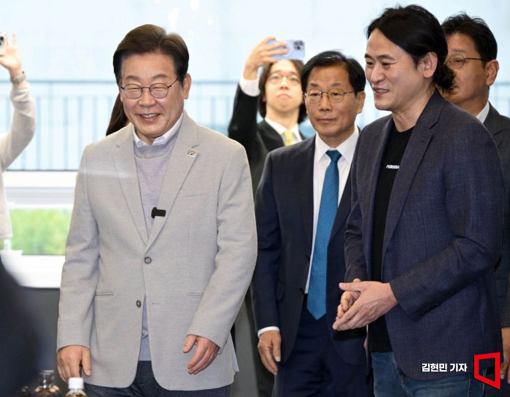 이재명 더불어민주당 대선 예비후보가 14일 서울 강남구 퓨리오사AI에서 백준호 퓨리오사AI 대표와 입장하고 있다.
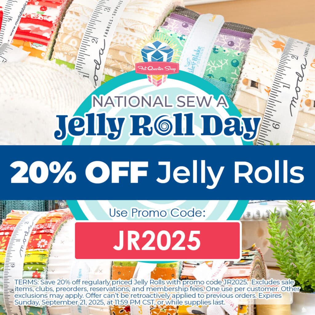 In honor of this quilty holiday, we have a Jelly Roll Day Sale for you! Use coupon code JR25 to save 20% off Jelly Rolls. This coupon is not combinable with other offers. Excludes sale items, reservations, and membership fees. One use per customer. Can not be retroactively applied to previous orders. Other exclusions may apply. Offer expires Sunday, September 21, 2025, at 11:59 PM CST.
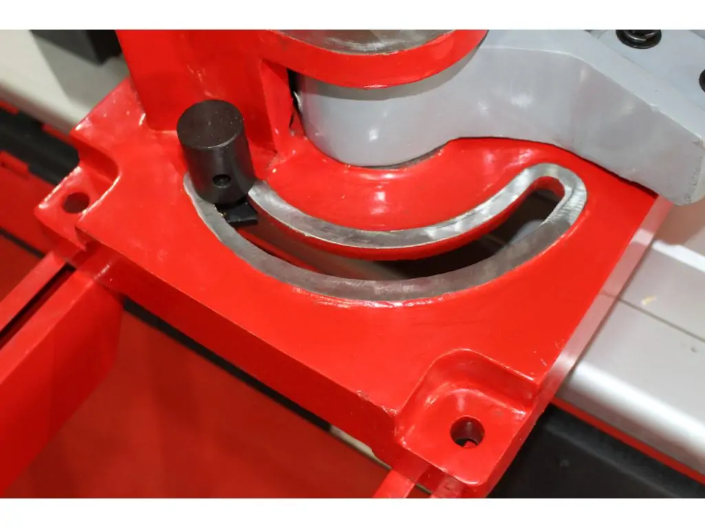 Згинання виконується за допомогою руху довгого важеля з антиковзаючим покриттям. Лита металева конструкція з антикорозійним покриттям витримує інтенсивні навантаження і має високу стійкість до вібрацій, що забезпечує стабільність робочого процесу. Отвори в станині дозволяють швидко закріпити верстат на верстаку чи іншій робочій поверхні. За рахунок невеликого розміру і ваги обладнання зручне у транспортуванні і може може компактно зберігатися, коли немає потреби у використанні. Якісні матеріали виготовлення роблять цей ручний згинальний верстат надзвичайно надійним у роботі і забезпечують довготривалу службу.
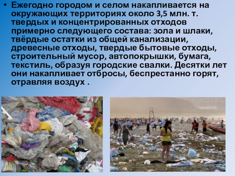 Слайд 9Ежегодно городом и селом накапливается на окружающих территориях около 3,5 млн.
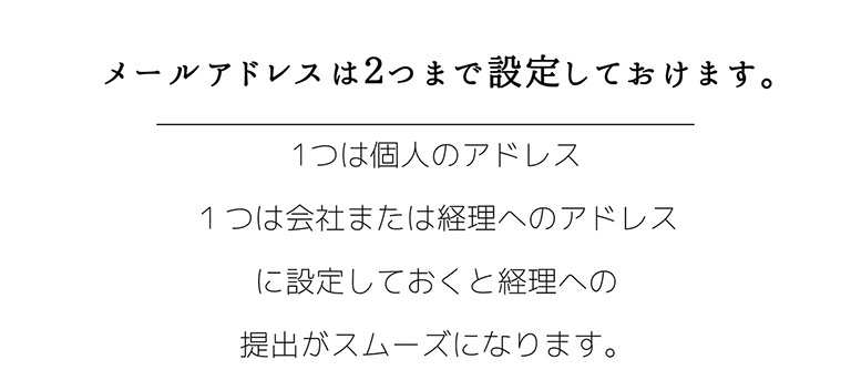 受け取った領収書はアプリ内で確認できます。さらにメールアドレスを設定していただくことで、経理などへ
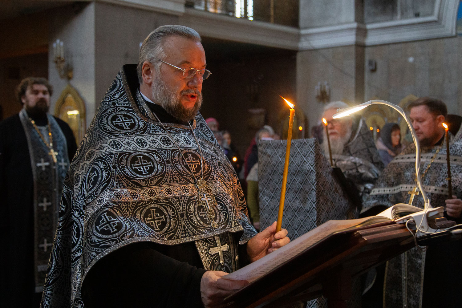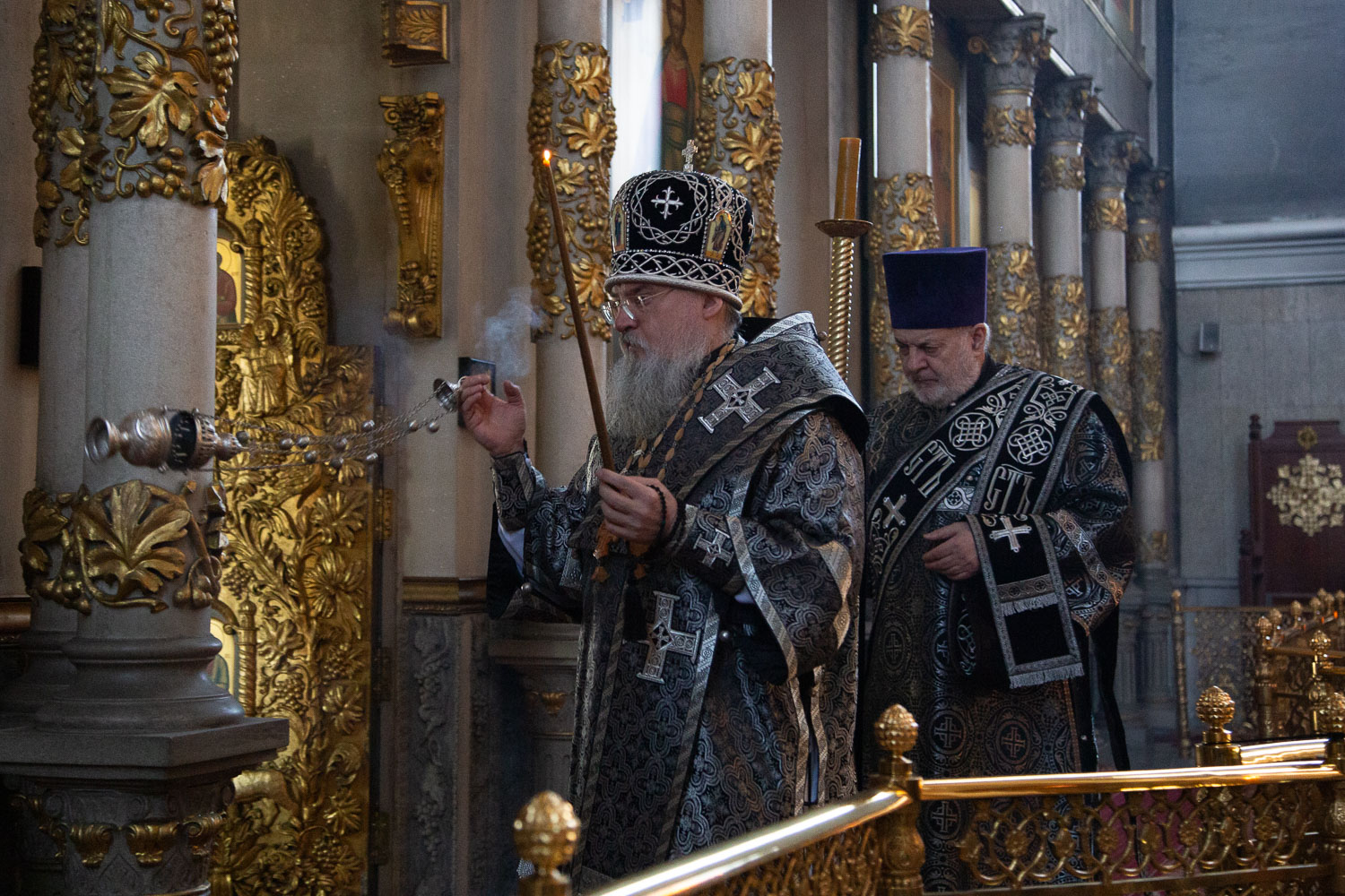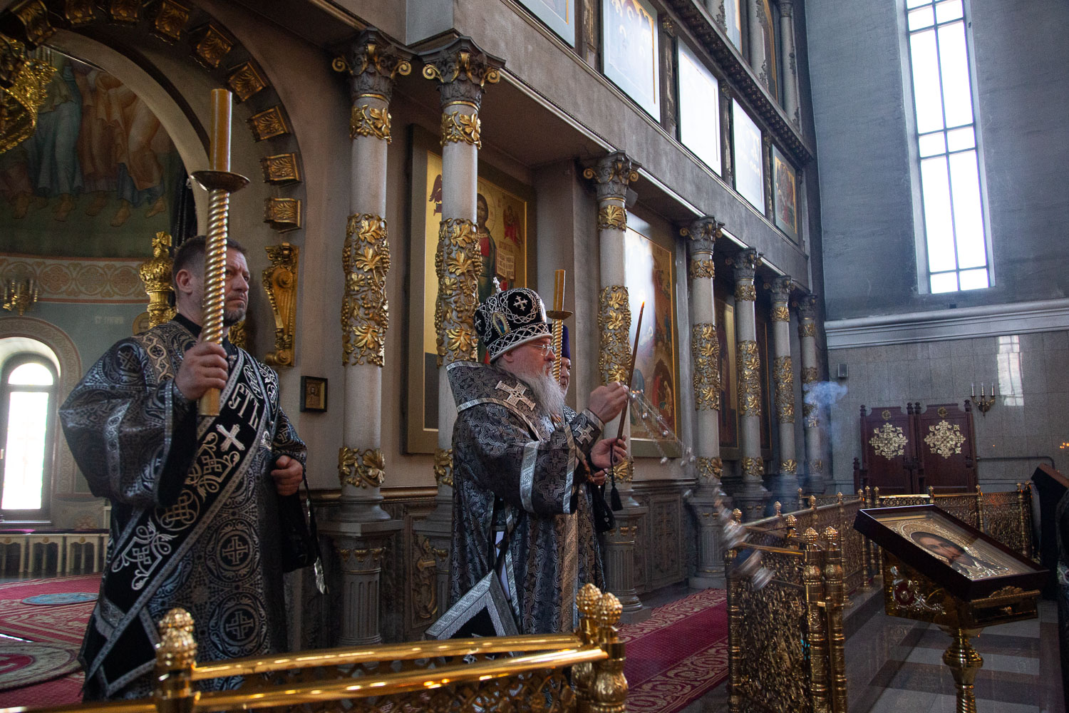 Его Высокопреосвященству сослужили: благочинный Правобережного церковного округа города Красноярска, настоятель храма протоиерей Максим Смоляков и клирики Красноярской епархии.

#### PROBLEM STATEMENT
Give back exactly the run of lines that opens the material above and ends at the line with "In honor of". Omit the pictures.

#### FINISHED TASK
 이재명 더불어민주당 대선 예비후보가 14일 서울 강남구 퓨리오사AI에서 백준호 퓨리오사AI 대표와 입장하고 있다.
 In honor of this quilty holiday, we have a Jelly Roll Day Sale for you! Use coupon code JR25 to save 20% off Jelly Rolls. This coupon is not combinable with other offers. Excludes sale items, reservations, and membership fees. One use per customer. Can not be retroactively applied to previous orders. Other exclusions may apply. Offer expires Sunday, September 21, 2025, at 11:59 PM CST.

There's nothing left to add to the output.